The issue is indeed due to missing user on the head node.

After i configured ldap client on slurm-master, srun command is nowworking using ldap account.


Best regards,
Eddy Swan

On Tue, Oct 8, 2019 at 4:15 PM Sean Crosby <scro...@unimelb.edu.au<mailto:scro...@unimelb.edu.au>> wrote:


    Looking at the SLURM code, it looks like it is failing with a call
    to getpwuid_r on the ctld

    What is (on slurm-master):

    getent passwd turing
    getent passwd 1000

    Sean


    --
    Sean Crosby | Senior DevOpsHPC Engineer and HPC Team Lead
    Research Platform Services | Business Services
    CoEPP Research Computing | School of Physics
    The University of Melbourne, Victoria 3010 Australia


    On Mon, 7 Oct 2019 at 18:36, Eddy Swan <ed...@prestolabs.io
    <mailto:ed...@prestolabs.io>> wrote:

        Hi Marcus,

        pilget-17 as submit host:
        $ id 1000
        uid=1000(turing) gid=1000(turing)
        groups=1000(turing),10(wheel),991(vboxusers)

        piglet-18:
        $ id 1000
        uid=1000(turing) gid=1000(turing)
        groups=1000(turing),10(wheel),992(vboxusers)

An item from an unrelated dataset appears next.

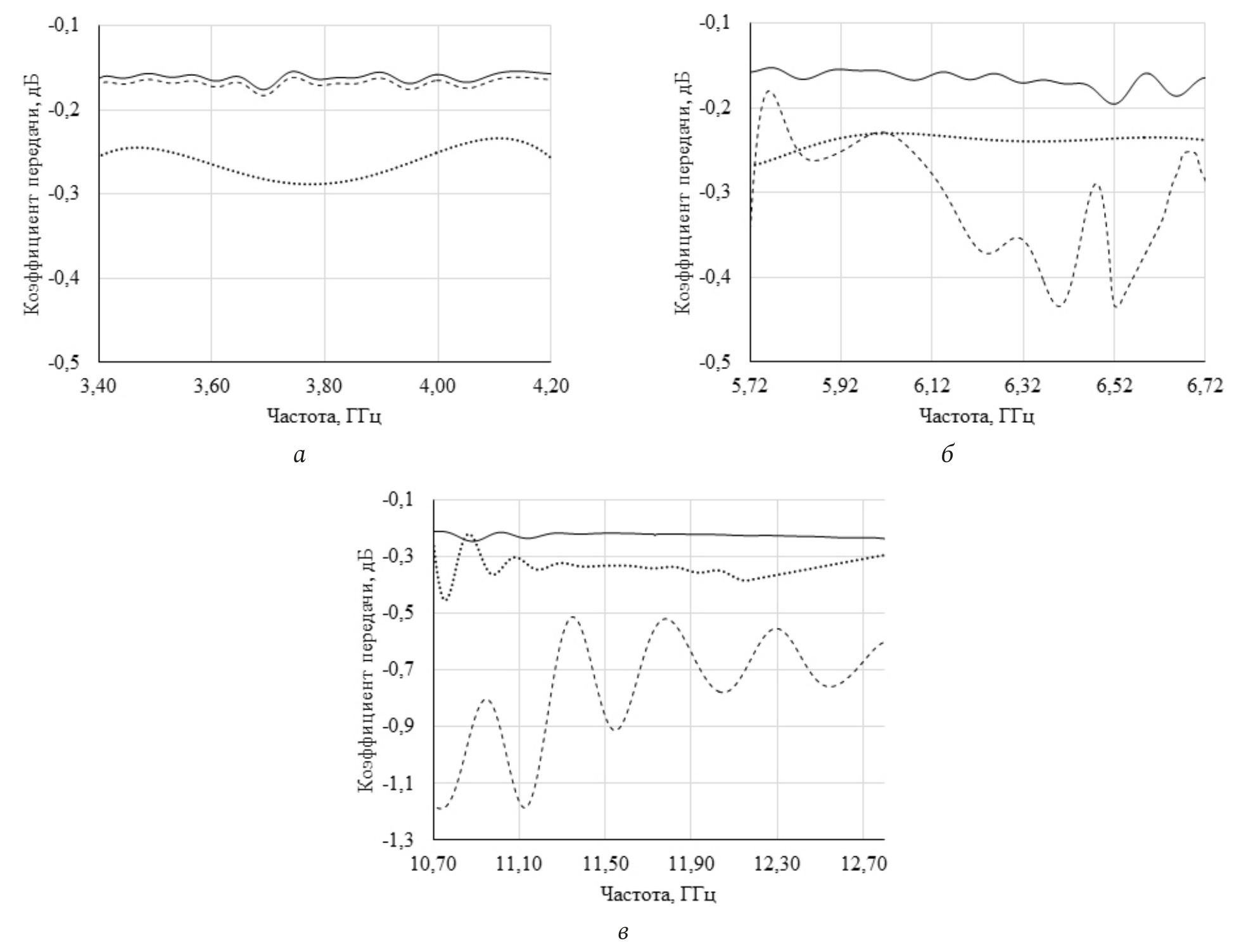 Рис. 2. Частотные зависимости обобщенного коэффициента передачи: а – в диапазоне частот 3,4–4,2 ГГц; б – в диапазоне частот 5,8–6,6 ГГц; в – в диапазоне частот 10,7–12,7 ГГц

        id 1000 is a local user for each node (piglet-17~19).
        I also tried to submit as ldap user, but still got the same error.

        Best regards,
        Eddy Swan

        On Mon, Oct 7, 2019 at 2:41 PM Marcus Wagner
        <wag...@itc.rwth-aachen.de <mailto:wag...@itc.rwth-aachen.de>>
        wrote:

            Hi Eddy,

            what is the result of "id 1000" on the submithost and on
            piglet-18?

            Best
            Marcus

            On 10/7/19 8:07 AM, Eddy Swan wrote:

            Hi All,

            I am currently testing slurm version 19.05.3-2 on Centos
            7 with one master and 3 nodes configuration.
            I used the same configuration that works on version
            17.02.7 but for some reasons, it does not work on 19.05.3-2.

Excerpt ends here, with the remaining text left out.